Yes, I just received my 3rd order from 613 Originals, I started my business a couple months ago and My customers have been very pleased with the Transfers. They seem to have a very clear graphics & the ink isn't anything like that heavy rubbery feel you so often see. Since my customers keep coming back for more work & I have had a lot of word of mouth referrals because of the quality, I think I will keep 613 Originals as my go to place for my screen print transfers. I have heard a lot of horror stories of other companies messing up orders & prints. This is my only profession, I can't afford to have bad quality prints. Anna N.Y.


----------



## 613OriginalsRick

Annany said:


> Yes, I just received my 3rd order from 613 Originals, I started my business a couple months ago and My customers have been very pleased with the Transfers. They seem to have a very clear graphics & the ink isn't anything like that heavy rubbery feel you so often see. Since my customers keep coming back for more work & I have had a lot of word of mouth referrals because of the quality, I think I will keep 613 Originals as my go to place for my screen print transfers. I have heard a lot of horror stories of other companies messing up orders & prints. This is my only profession, I can't afford to have bad quality prints. Anna N.Y.


This is great to hear. Thank you for using us and for trusting us with your business!


----------



## Annany

sslover85 said:


> Any Updates on how they hold up??


Hello! I have used 613 Originals on 3 different occasions so far, and I am in the process of sending them my 4th order.
I am new to the tee shirt scene & I have spoken with their customer service twice. They seem very knowledgeable and are very helpful & courteous. 
The 1st order that I sent over to them was on a Wednesday, I needed it by Friday. I was very nervous because this was my first order Ever,,,lol. They walked me through my order process & I received my order on time and the workmanship was excellent. I have used them 3 times so far & I have now established a good working relationship with Rick & Gail in customer service.


----------



## 613OriginalsRick

We appreciate your business and will pass the news on to Gail!


----------



## Arkelis

Im trying to get Reyes the Entrepreneur to do a online review of your product on YouTube.I loved my samples and will be ordering very soon.


----------



## huey642

hey there ....just found about 613 now (feb 2019). soooo excited back in NJ!
how did you make out with DTG?
i've been on the fence for a while.


----------



## olinecoach1

Just sent my 3rd order to 613Originals. To say I'm "pleased" with them is an understatement. Great customer service - answer questions on phone, email and online chat. Always willing to help a newbie like myself.

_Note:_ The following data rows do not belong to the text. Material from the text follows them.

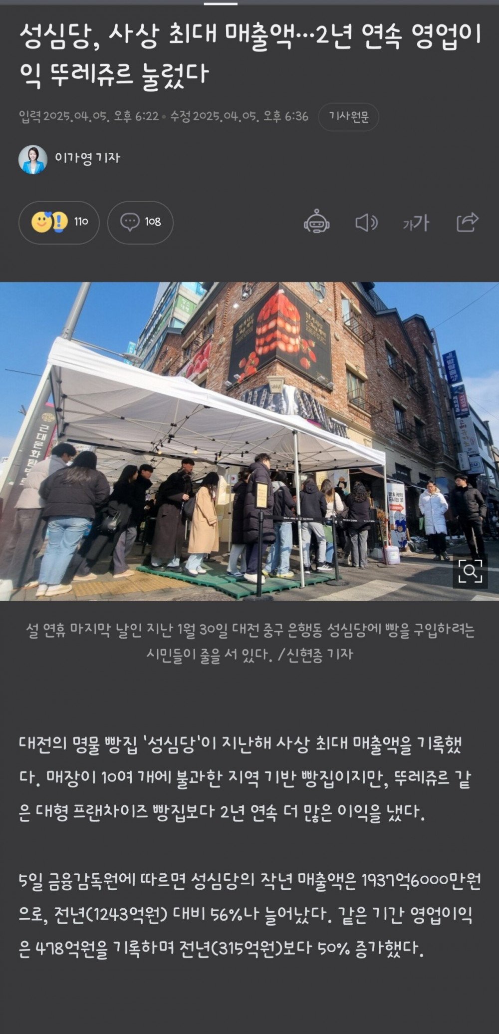 성심당, 사상 최대 매출액…2년 연속 영업이익 뚜레쥬르 눌러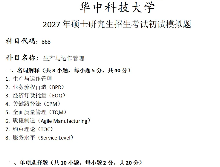 当前位置:首页>考研真题>华中科技大学868生产与运作管理考研真题模拟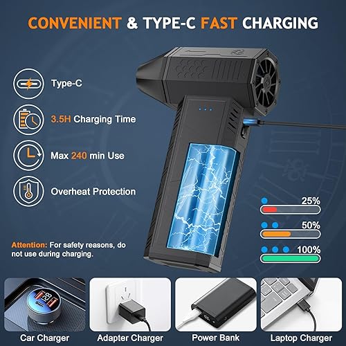 Fast Charging: This air dust supports Type-C charging and can be fully charged in 3.5 hours. The high-performance battery allows the product to last longer, with up to 240 minutes of use on the lowest setting. For a better user experience, it is recommended to fully charge before use. Tips: For safety reasons, do not use the device while charging.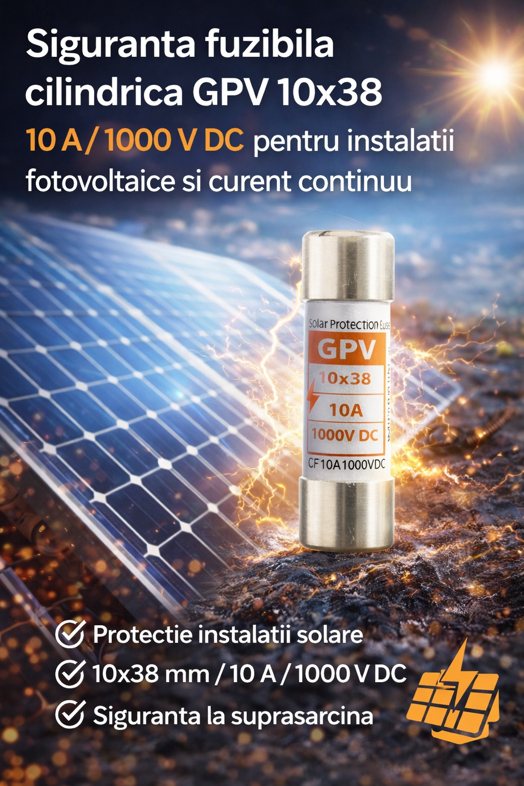 Siguranta fuzibila cilindrica GPV 10x38 – 10 A / 1000 V DC este componenta electrica esentiala pentru protectia instalatiilor fotovoltaice, panourilor solare si a circuitelor de curent continuu de inalta tensiune. Conceputa pentru a intrerupe in mod sigur fluxul de curent in situatii de suprasarcina sau scurt-circuit, aceasta siguranta fuzibila protejeaza echipamentele si cablurile impotriva deteriorarii costisitoare.
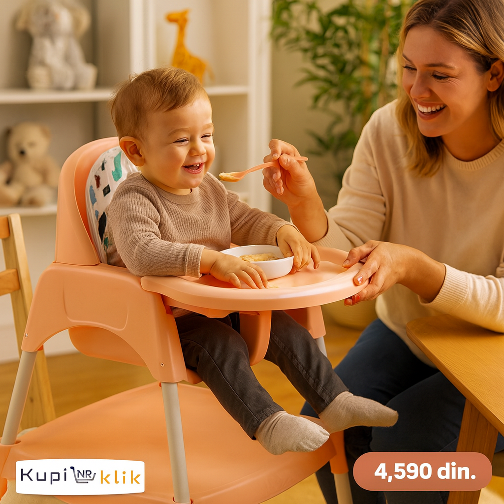 Stolica za hranjenje 2u1 breskva 614 dizajnirana je tako da kombinuje funkcionalnost hranilice sa praktičnošću dečijeg seta stočić + stolica. Jednostavnom transformacijom, iz hranilice prelazi u kompletan nameštaj za igru, crtanje ili užinu – što je čini odličnim rešenjem za dugoročnu upotrebu.

Have only ordered the Varsity one color so far (current order is a full color...anxious...!!) My current customers are all high school male athletes - they wear the printed shirts to practices, etc. Screens show no sign of wear or tear and guys are really pleased. 

Great work 613 - you will continue to get my business!


----------



## 613OriginalsRick

Thank you so much for the praise! Love hearing feedback!

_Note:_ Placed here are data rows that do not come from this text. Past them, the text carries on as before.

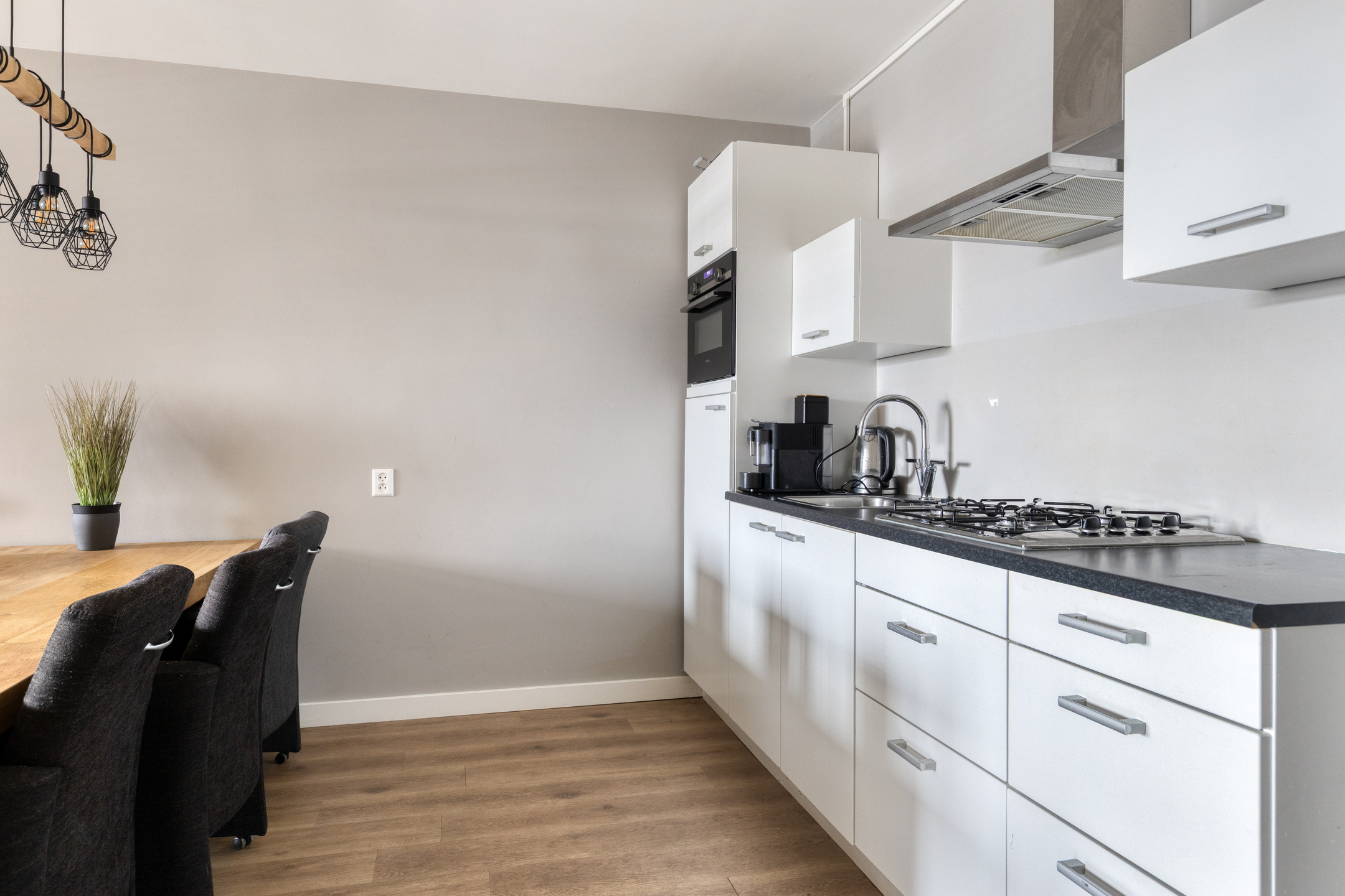 - Lichte woonkamer met open keuken en inbouwapparatuur.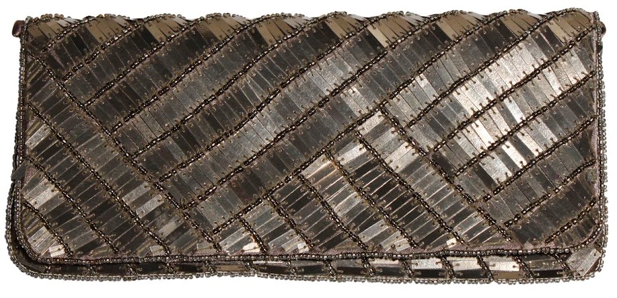 Bolso de mano o Clutch con lentejuelas en plata satinado de la colección Senso di Donna de Brijou Brigitte: Precio 24,95 euros.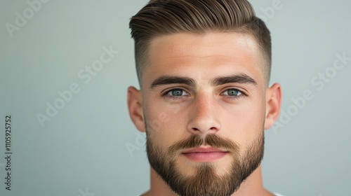 © ECLIVN, Fototapeta premium Young Caucasian man with stylish haircut and beard, showcasing a confident expression against a soft gray background.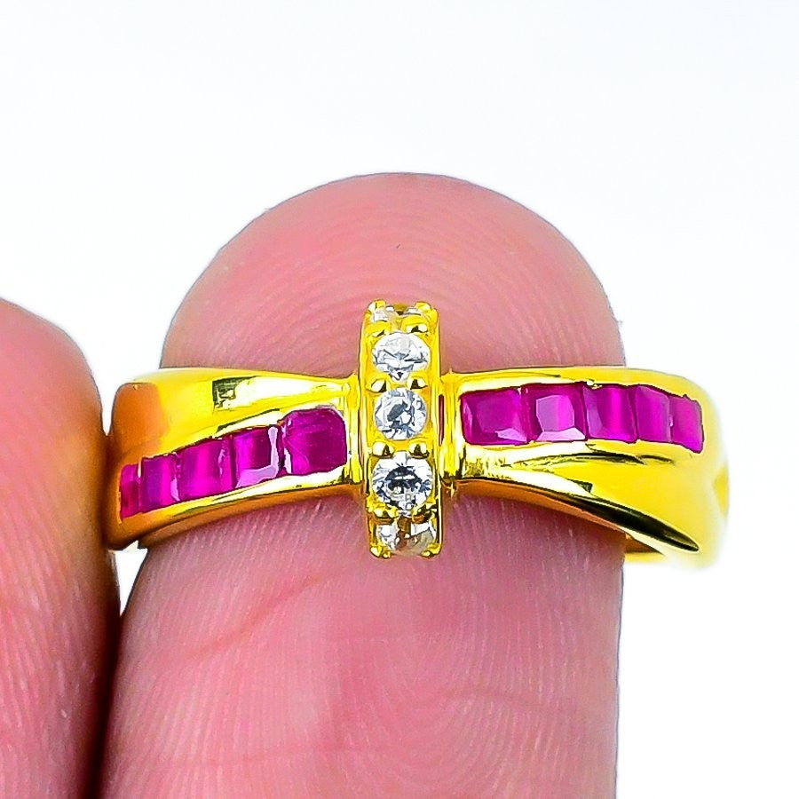 Pink Rubillite Stone Solid Sterling Silver Ethnic New Band Promise Ring Size 7.5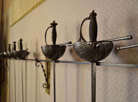 Stored sabers and swords hanging on the wall for display

We will do our best to keep that business too!


----------



## Muckdog

Started out using 613 Originals. Colors and print looked great. Print was a little stiff for my liking, but I have to use the Varsity formula because I do a lot of poly product.

613 Originals had a delivery problem that cost me some money and they didn't do much to help, so I thought I would give FM Expressions a try. I didn't trust them so I had 613 and FM print the same exact same art. 613 print was perfect. Color was good and detail was great. Print was still very stiff. FM Expressions print is softer, but color was way way off. They did agree to print it again and color was much better. I just like the feel of their transfer better, but.....

FM Expressions' customer service is horrible. Since I started using them, one misprinted job and a job that was and is still late and I can't find anyone with authority to get it delivered.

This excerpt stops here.